K2 Calling: The world's most dangerous peak...

21 mountaineers hoped to summit 8,611m K2, known as the world’s deadliest mountain...
By Brendan Leonard

 The second highest mountain in the world—just 237 meters shorter than Mt. Everest—has a reputation for being far more hazardous than Everest, and the statistics don’t lie: Historically, for every 100 climbers who have made it to the summit of Everest, four have died. For every 100 climbers who have summited K2, 29 have died. A scant 306 people have ever stood on the summit of K2, compared to more than 5,600 Everest summiters.

The path to basecamp crosses glacial rivers. © Ahmad Abdul-Karim Photography

 The weather is worse on K2. The climbing is more difficult, with two technical sections, House’s Chimney and the Black Pyramid. Once safely past those, climbers must navigate the narrow Bottleneck couloir, forcing themselves underneath a set of massive seracs.

Porters at a K2 camp. © Ed Darack

 In 2008, part of the serac collapsed, cutting fixed ropes and avalanching onto the route, which made navigating the Bottleneck more technical for the parties who had climbed above it. In the single worst day in K2’s history, 11 climbers died. A new documentary film, The Summit (trailer below), premiered at the Sundance Film Festival in January 2013, and attempts to explain the obsession with K2, the dangers of climbing it, and the 2008 tragedy.

 Although it has a reputation to be “the Savage Mountain,” K2 is not statistically the deadliest 8,000-meter peak—Annapurna, the first of the 8000ers to be climbed, is. For every 100 climbers who summited Annapurna, 34 have died. K2, however, draws far more interest, maybe because of its reputation.

The Gilkey Memorial at K2 base camp. © Credit: Nadeem Khawar

 The major disasters, in 2008, and in 1986, when 13 climbers died over the span of several weeks, have put K2 in the news, and although expeditions return every year, the mountain and its weather are fickle. In 2009 and 2010, no one summited K2. In 2012, more than 30 climbers summited, 28 of those in a single day of great weather on July 31. This year’s teams no doubt hope for similar success.

According to Raheel Adnan's Altitude Pakistan blog and the Japanese team's blog, 21 climbers from various expeditions planned to leave K2 Base Camp on July 24, hoping to take advantage of an expected good weather window beginning on July 27.

 Climbers left at 6 a.m. local time.
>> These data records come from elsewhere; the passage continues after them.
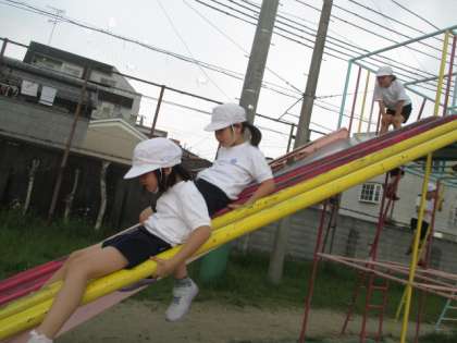 午前中,少し天気が怪しかったのですが,体育で遊具の使い方の学習の仕上げをしました。先週初めて3階まで登ったときは,怖そうにしていた子どもたちも,だんだん慣れてきた様子で,今日はすいすい登っていく子が多かったです。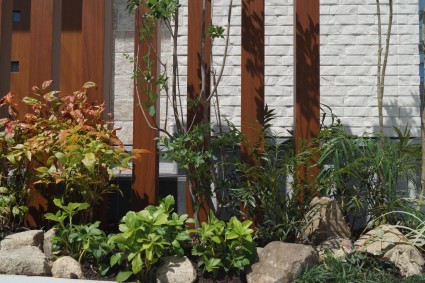 ウッド調の玄関ドアに合わせて、同色のアルミ角柱を7本、等間隔に配置することで、道路からの視線を遮ります。アルミ角柱だけでは殺風景になりがちなので、足元に低木や下草などの緑を入れ、より自然に仕上げていきます。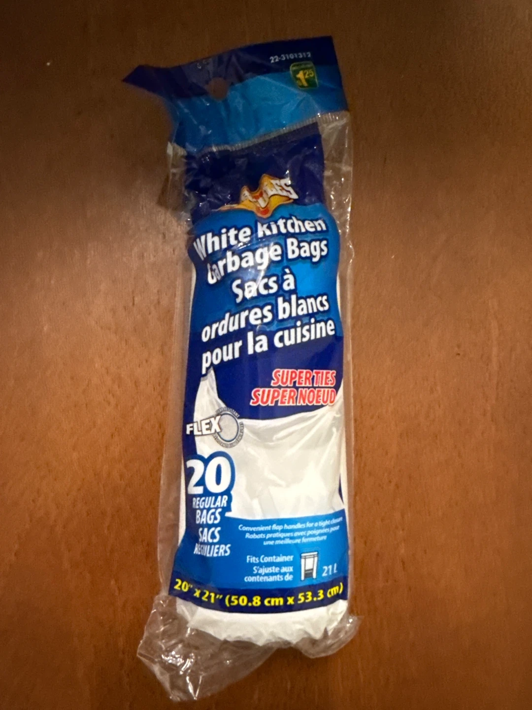 Free pack of White Kitchen Garbage Bags. This pack contains 20 regular bags with superties for a secure closure. Each bag measures 20" x 21" (50.8 cm x 53.3 cm) and fits a 21L container. They also feature convenient flap handles for a tight seal
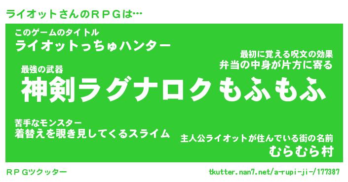 | 男性向けラノベタイトル風あだ名 | 『ライオットの憂鬱』 |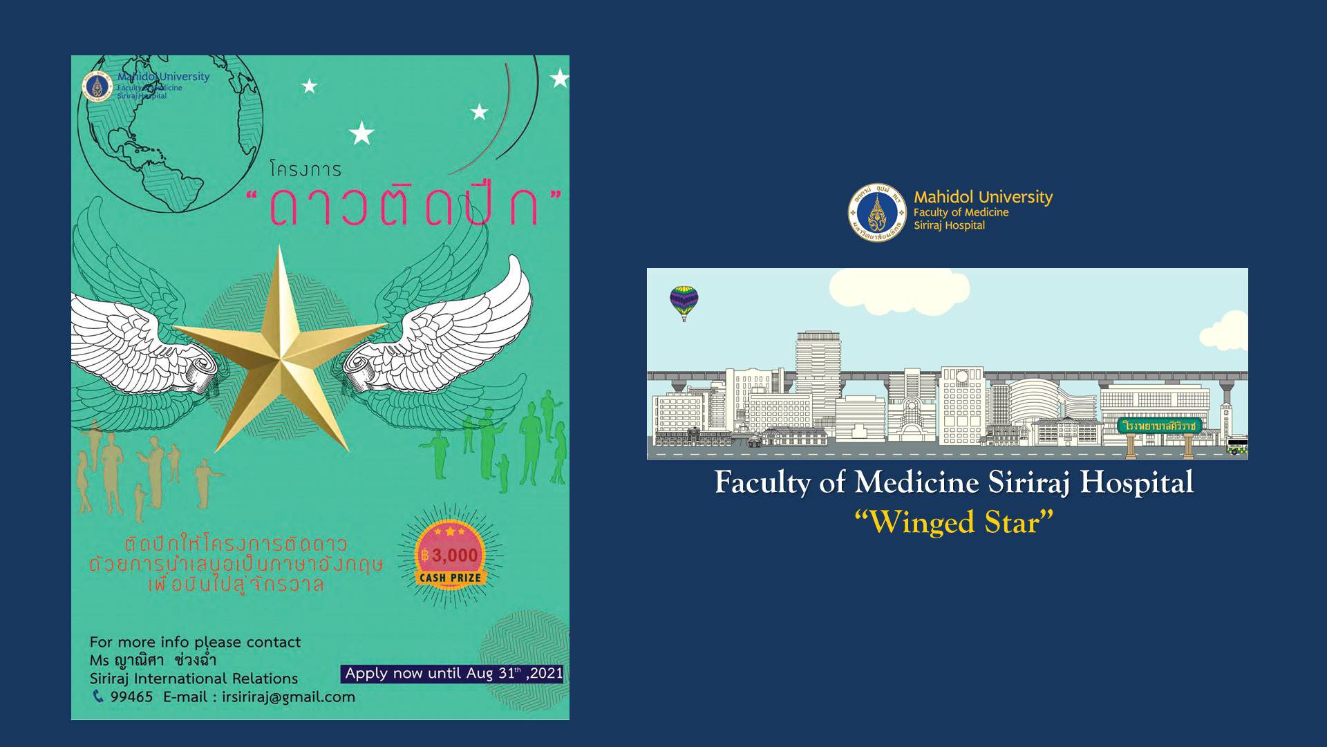 Siriraj International Relations Division is pleased to present “Winged Star Project (โครงการดาวติดปีก)”, the first time for Siriraj staff to share your success stories from Star Project Award in English! Each qualified project will get the 3,000 THB cash, certificate, and English skills development activities.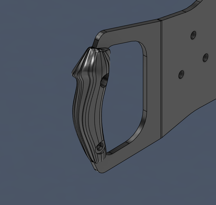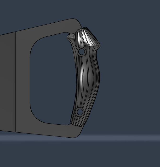 Vad gäller greppen så är planen att 3D-skriva dem, så fort jag har fått någonting som är okej. Än så länge är det mycket Work in Progress här, eftersom det var ett tag sedan jag satt med subdivisionmodellering.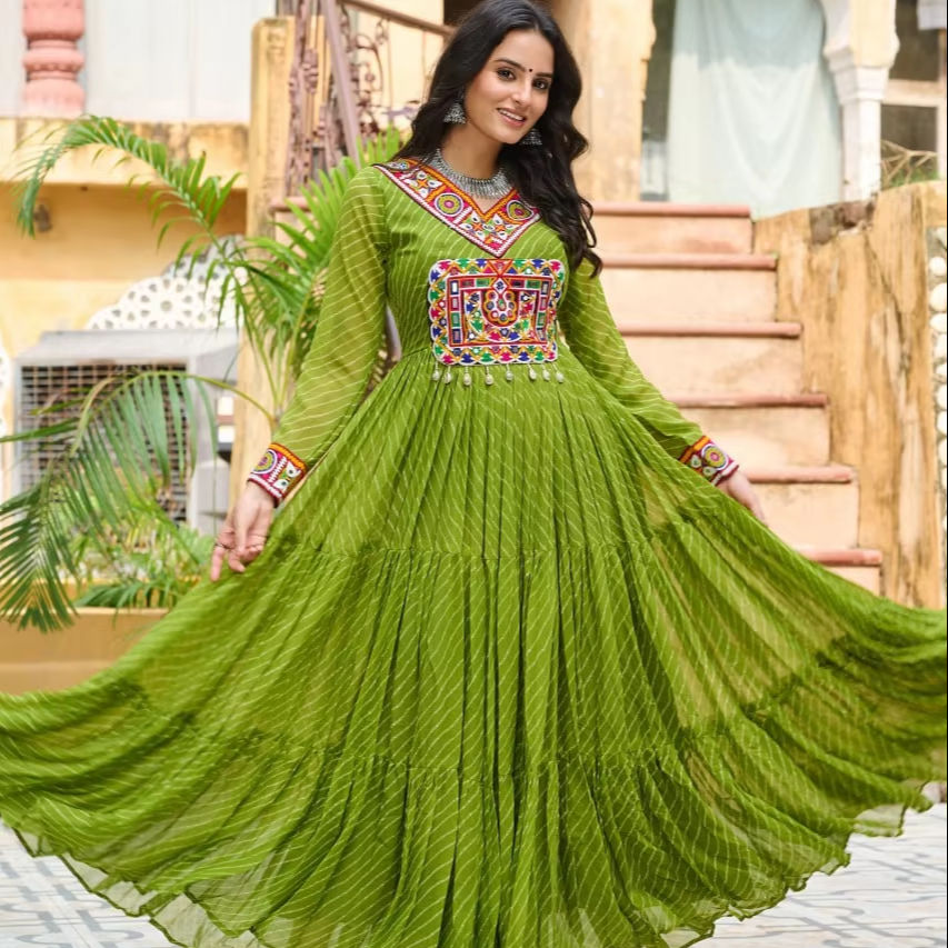 เสื้อคลุมทำงาน:งานพิมพ์ laheriya กับงานแพทช์ kutchi
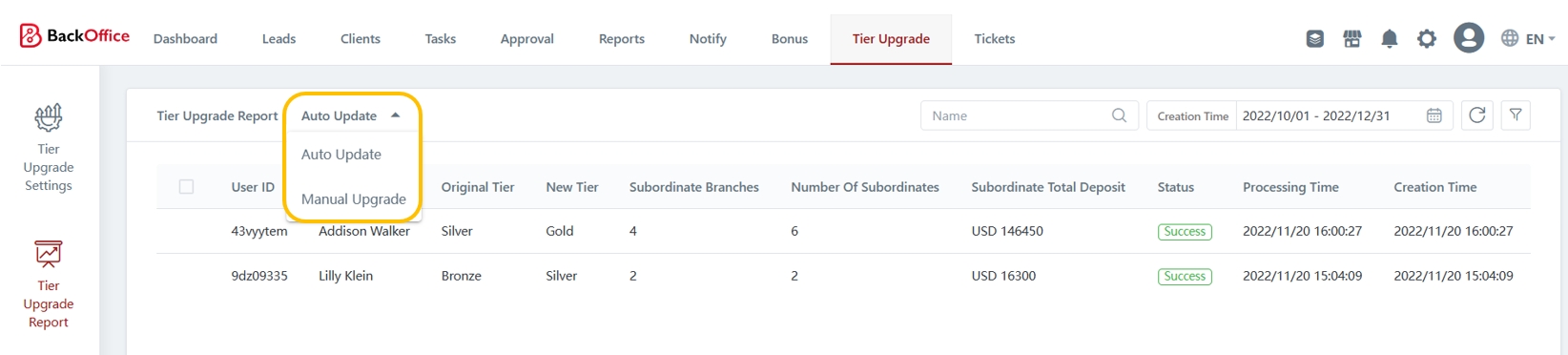 Auto Upgrade Report: This report displays all clients/IBs who have met the auto upgrade requirements. It provides a comprehensive view of the status of tier upgrades that have been completed.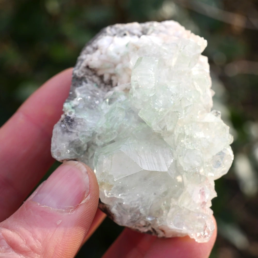 Mooi stukje met groene apofyliet kristallen. De afmeting van dit fraaie stukje is 7,5cm breed, 4,2 cm diep en 4,5cm hoog en komt uit India. Je ontvangt het groene apofyliet cluster van de foto.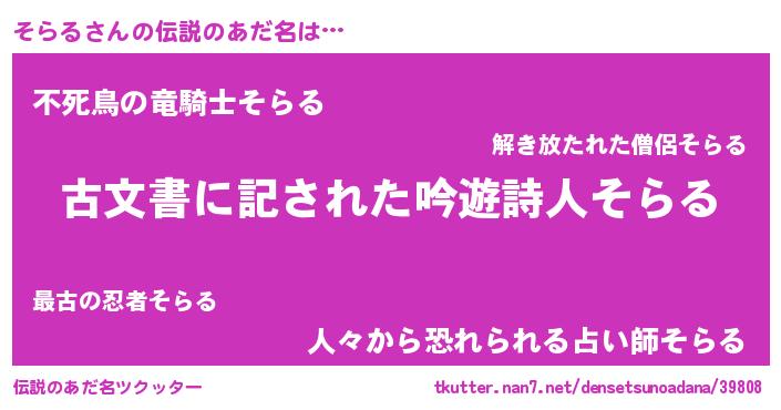 | 意味不明あだ名 | 『ニラ科そらる属』『自称そらる』 |

Four teams—a Japanese team, an Argentinian team, and two international teams with members from New Zealand, Australia, Nepal, Greece, the UK, and Canada—are on the mountain. All climbers will be on the standard Abruzzi Spur route.
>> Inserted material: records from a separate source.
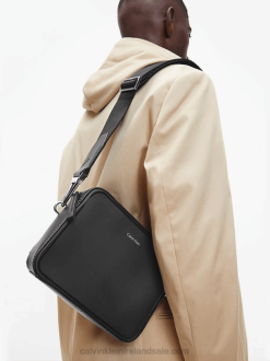 F64Z3917 Black Men Calvin Klein Recycled Vegan Leather Crossbody Bag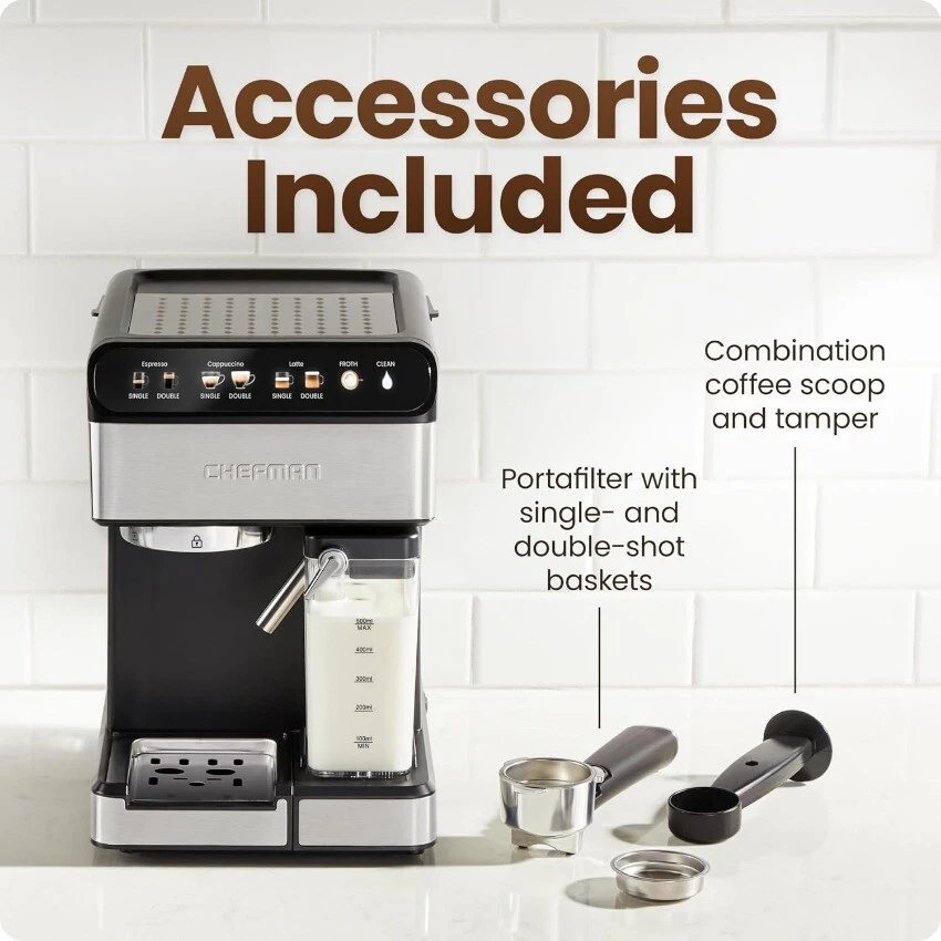 About this item BE YOUR OWN BARISTA: Bring the energizing taste of coffeehouse brews into your home with the gourmet Chefman Digital Espresso Maker! With a powerful 15-BAR pump and a built-in frother, you’ll be able to brew like a barista every morning. CAFÉ-QUALITY BEVERAGES: This 6-in-1 coffee machine creates all your favorite high-quality espresso beverages right in your kitchen. Enjoy single or double shots of espresso, cappuccinos, lattes, and more! This machine is more than just a coffee pot; it’s also a cappuccino machine and a latte maker. BREW WITH EASE: Make your coffee bar a staple stop in your morning routine. With simple one-touch operation, you can brew and froth your perfect cup of coffee with ease. Just fill the portafilter with your favorite ground espresso, choose your drink on the touch controls, and enjoy! LATTES AND CAPPUCCINOS: The built-in steam wand is ideal for silky espresso drinks. Unlike other espresso machines, the Chefman CaféMaster Pro automatically dispenses steamed milk directly into your mug. When you’re finished, easily remove the frother and store it in your fridge. 1.8-LITER WATER RESERVOIR: The spacious tank holds enough water to keep brewing espresso for all your brunch guests. Detach the reservoir from the machine to clean or fill directly in your sink. KEEP IT TIDY: Clean up with ease using the built-in internal cleaning function; just push and watch your espresso machine do the work. The sleek stainless-steel exterior cleans with the wipe of a damp cloth, no scrubbing needed. TRUSTED QUALITY: cETL approved with advanced safety technology for long lasting durability, & 1-year assurance provided by Chefman, so you can purchase worry-free - we've got your back! For information on how to use your product, scroll down for a PDF User Guide. 1350 Watts/120 Volts – RJ54-I-SV-AM 1---Please feel free to contact us through eBay Message ifrou have question,such as tracking number,shipping statusct.. 2---Please DON'T GIVE NEGARTIVE or NEUTRAL REVIEW or OPEN ANY CASES before contact us through ebay inbox. 3---Sometimes we may send small gift for you,please keep it if you get some gift from us.And hope you like it. 4---To offer best service,sometimes we will update the status of your order,please check your ebay inbox time by time. Anyway,thanks so much,enjoy shopping.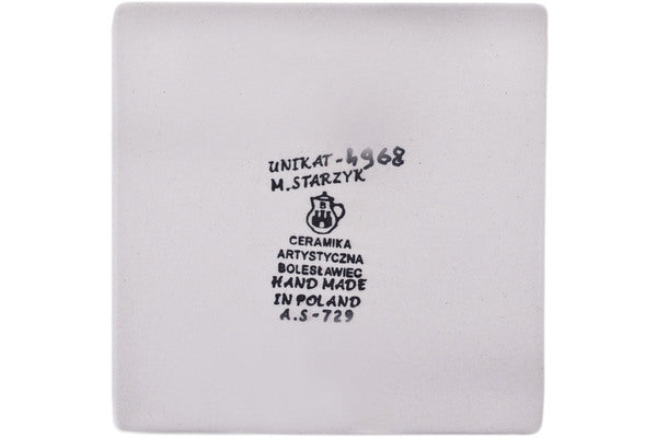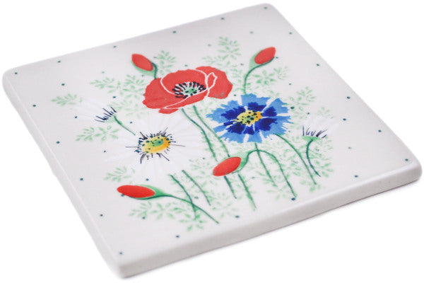 This Polish Pottery 4" Tile - Polish Wildflowers is handmade and handpainted by the Ceramika Artystyczna factory in Boleslawiec, Poland.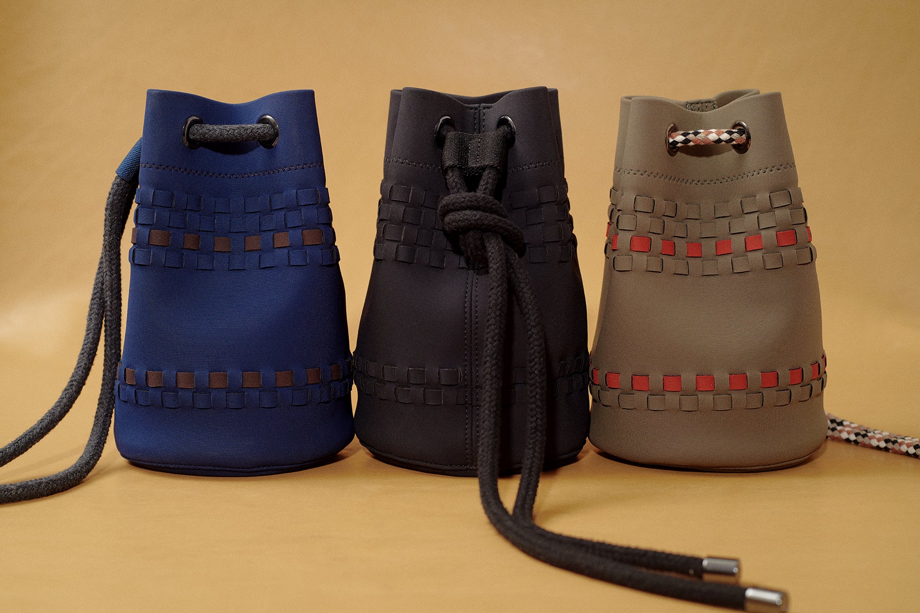 Rooted in maritime tradition, POCCA's debut collection - The DITTY - reinterprets the classic sailors’ ditty bag through material innovation and versatility. Working closely with Italian artisans, we developed a custom technical neoprene and used this to transform Italian “intreccio” into a modern statement. The multifunctional drawstring allows the Ditty to be worn cross-body, over the shoulder, or as a small accessory with two handles.

Spanish climber Alex Txikon, who planned to climb the Cesen route without oxygen with Mexican Benjamin Salazar and Spaniard Felix Criado, has apparently turned back at Camp 2 because of too much snow high on the route.
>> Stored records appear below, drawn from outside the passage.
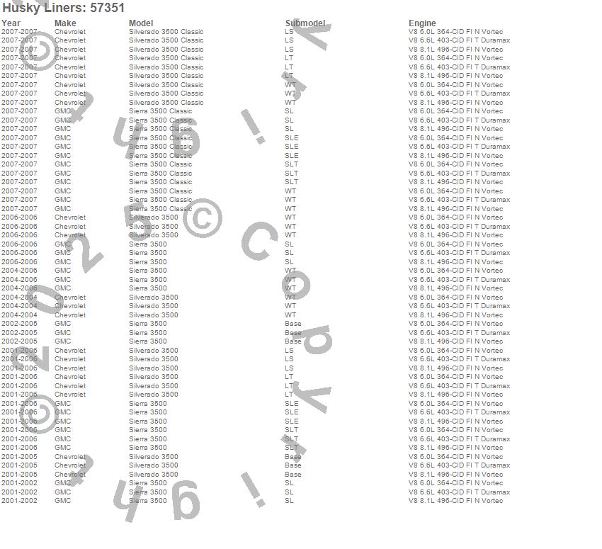 Below is an abbreviated list of applications for the Custom Molded Mud Guards.Sierra 3500, Sierra 3500 Classic, Silverado 3500, Silverado 3500 Classic, Chevrolet, GMC, 2007, 2006, 2005, 2004, 2003, 2002, 2001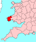 | Pembrokeshire | 11 districts[41] | 1 590,50[41] | 93 980[41] | 59 | ||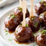 Once, for a party, I arranged the meatballs on a large platter with toothpicks, surrounded by small bowls of extra dipping sauce and colorful veggie sticks. It makes for beautiful finger food that guests love digging into. Another fun idea is to serve them on mini slider buns with a dollop of coleslaw to turn these into bite-size sandwiches!

A Swiss team (Mike Horn, Fred Roux, and Kobi Reichen) also planned to climb the Cesen Route, but Mike Horn posted on his blog on July 20 that he and Fred Roux left for Broad Peak to attempt to rescue the three Iranian climbers who were lost around 8,000 meters and died.

PRESS TIME UPDATE: Friday morning's reports indicate that all teams have turned back due to the massive amounts of snow and high level of avalanche danger – the summit of K2 may remain untouched in 2013.